◆ **Information provided**:
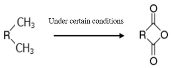 The PCL is a kind of prepolymer that needs to be cured at a high temperature under the joint action of the curing agent (CA). CAs can be divided into two types, reactive and catalytic. With the increase in the temperature, a reactive CA can react with the epoxy group in the PCL and become a part of the cured product [31]. The liquid system is further cross-linked from the initial linear structure to form a three-dimensional network structure through stepwise polymerization. In the polar covalent bond formed by the oxygen atom on the epoxy group and the carbon atom at the end of the main chain due to the large electronegativity of the oxygen atom and the strong attraction to the electron, the common electron in the C=O bond shifts to the oxygen atom, resulting in the oxygen atom forming a negatively charged enrichment region, and the carbon atom at the end of the main chain forming a positively charged enrichment region. The delocalization of positive and negative charges enables the epoxy group to react with nucleophiles or electrophiles to initiate ring-opening polymerization [32]. Therefore, reactive CAs usually have active hydrogen atoms such as aliphatic derivatives, organic acids, anhydrides, etc.
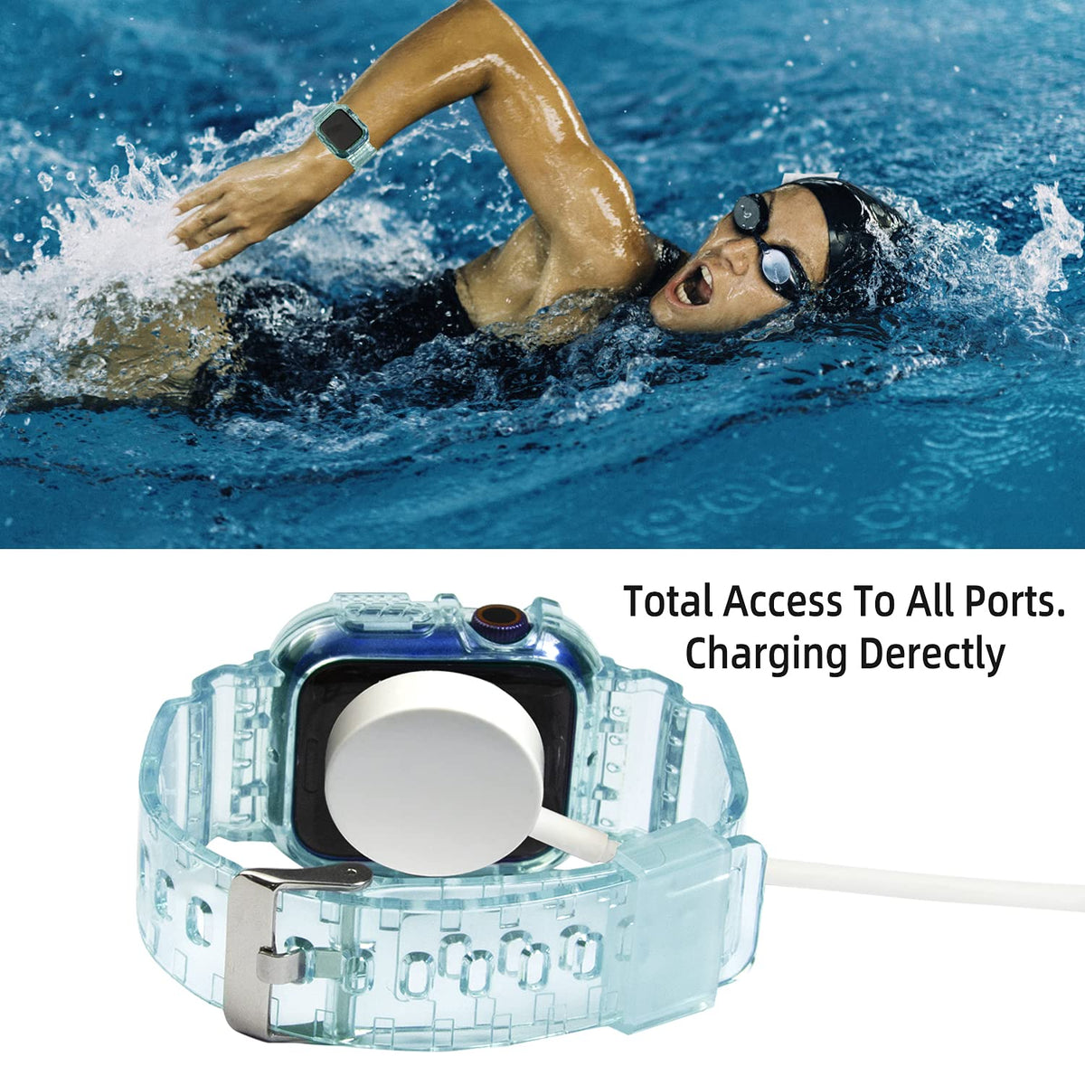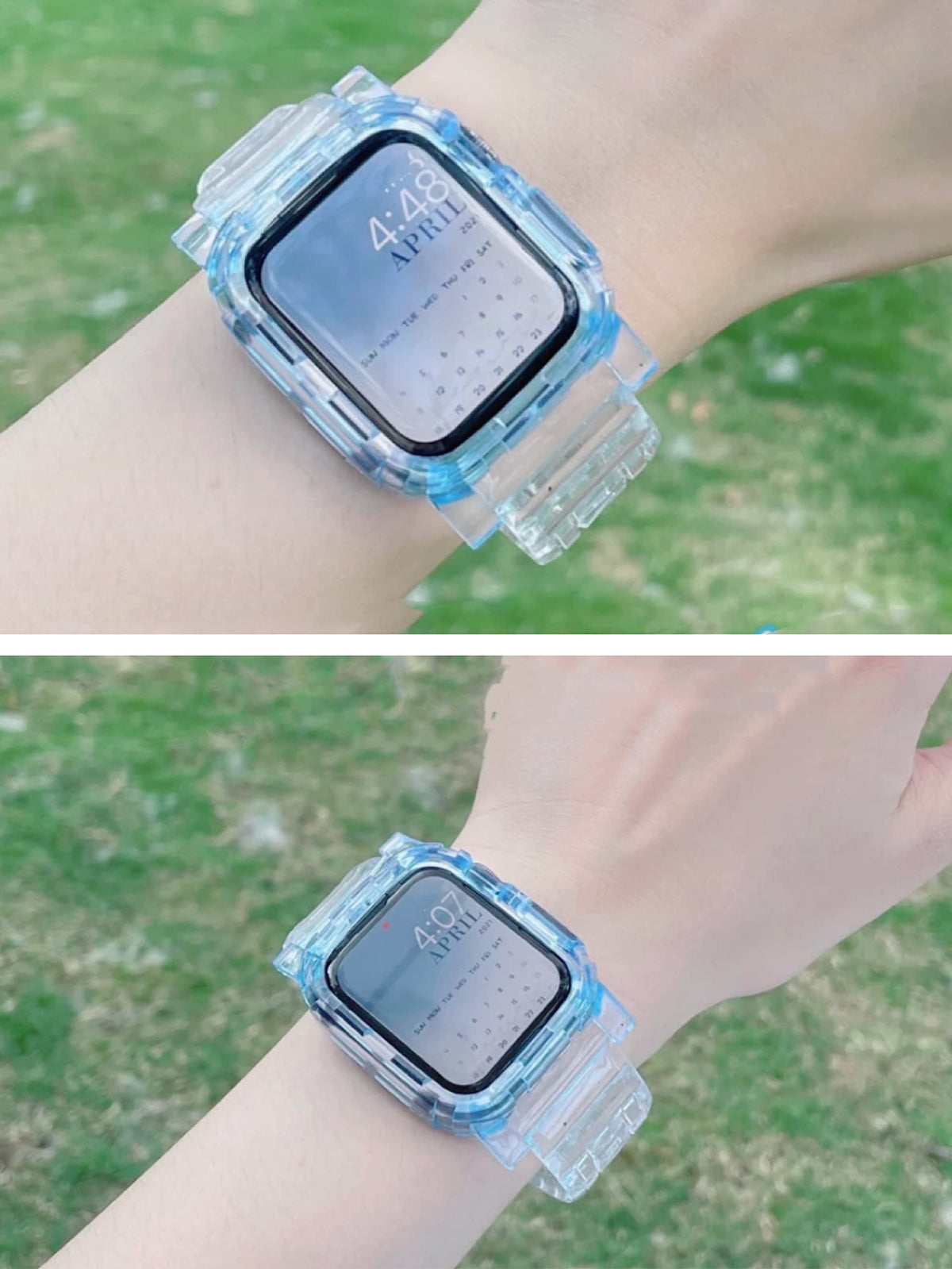 Blingbrione Band Compatible Apple Watch Strap With Case 45Mm/42Mm/44Mm,Silicone Soft Sport Loop Jelly Clear Wristband Women Man
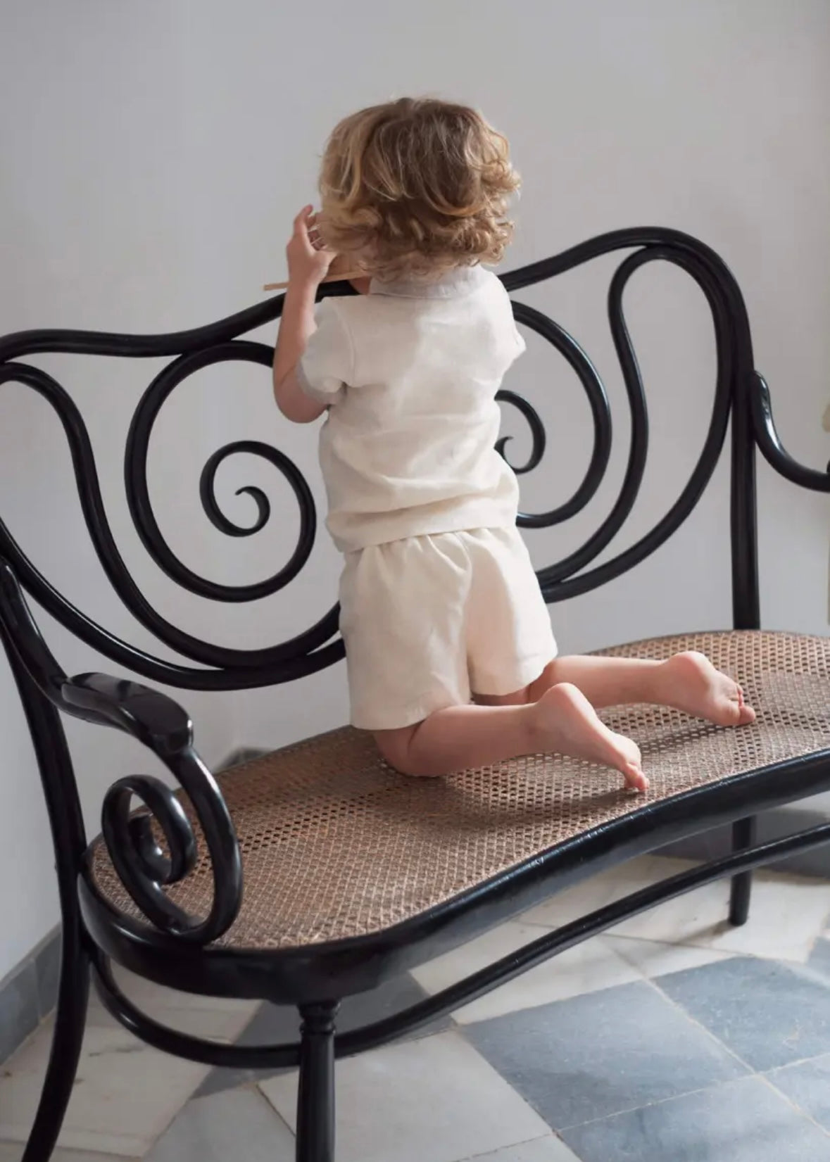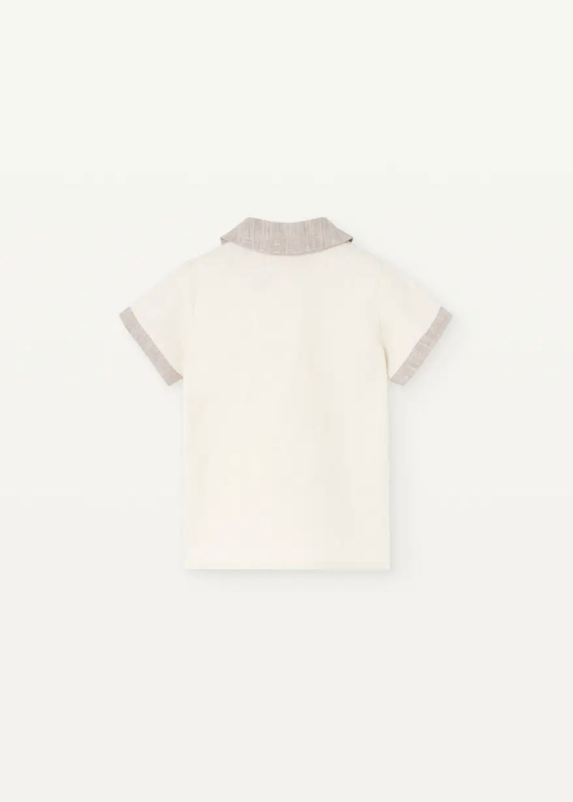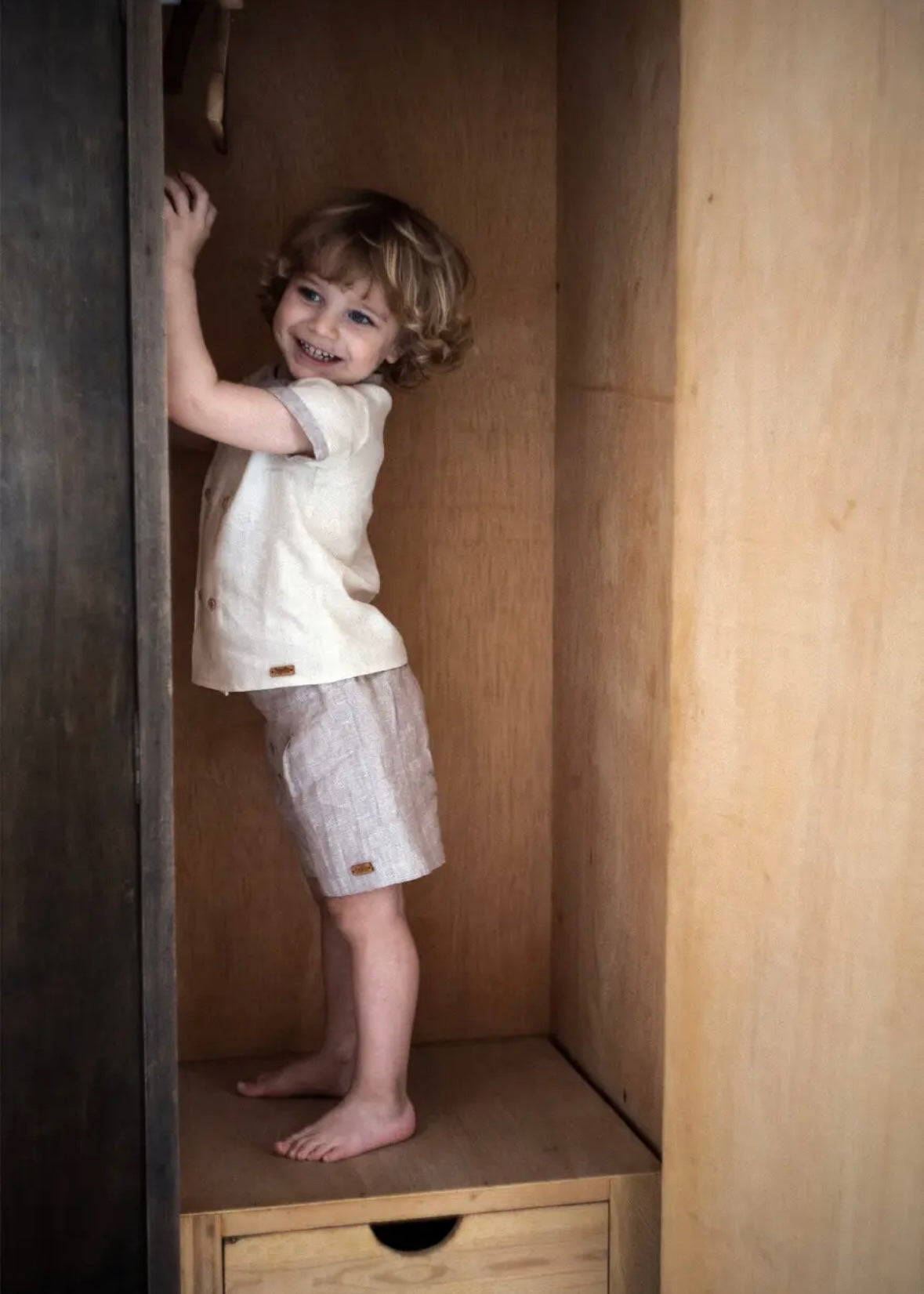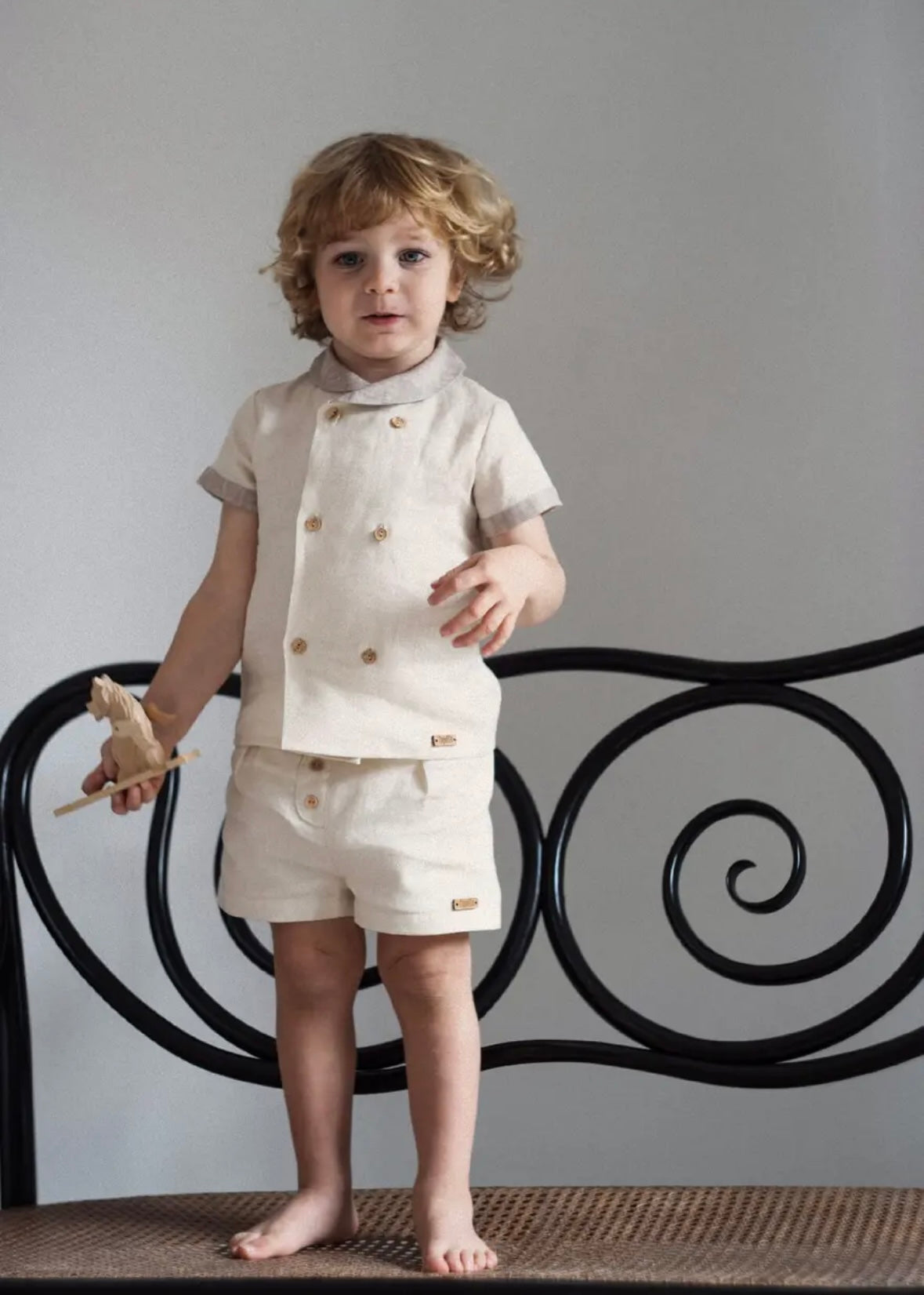 ウッドダブルボタンとセーラーカラーがかわいいリネンシャツ

◆ **Exercise instructions**: Type the listing above out again exactly, and omit all pictures.

◆ **Response to this task**:
 The PCL is a kind of prepolymer that needs to be cured at a high temperature under the joint action of the curing agent (CA). CAs can be divided into two types, reactive and catalytic. With the increase in the temperature, a reactive CA can react with the epoxy group in the PCL and become a part of the cured product [31]. The liquid system is further cross-linked from the initial linear structure to form a three-dimensional network structure through stepwise polymerization. In the polar covalent bond formed by the oxygen atom on the epoxy group and the carbon atom at the end of the main chain due to the large electronegativity of the oxygen atom and the strong attraction to the electron, the common electron in the C=O bond shifts to the oxygen atom, resulting in the oxygen atom forming a negatively charged enrichment region, and the carbon atom at the end of the main chain forming a positively charged enrichment region. The delocalization of positive and negative charges enables the epoxy group to react with nucleophiles or electrophiles to initiate ring-opening polymerization [32]. Therefore, reactive CAs usually have active hydrogen atoms such as aliphatic derivatives, organic acids, anhydrides, etc.
 Blingbrione Band Compatible Apple Watch Strap With Case 45Mm/42Mm/44Mm,Silicone Soft Sport Loop Jelly Clear Wristband Women Man
 ウッドダブルボタンとセーラーカラーがかわいいリネンシャツ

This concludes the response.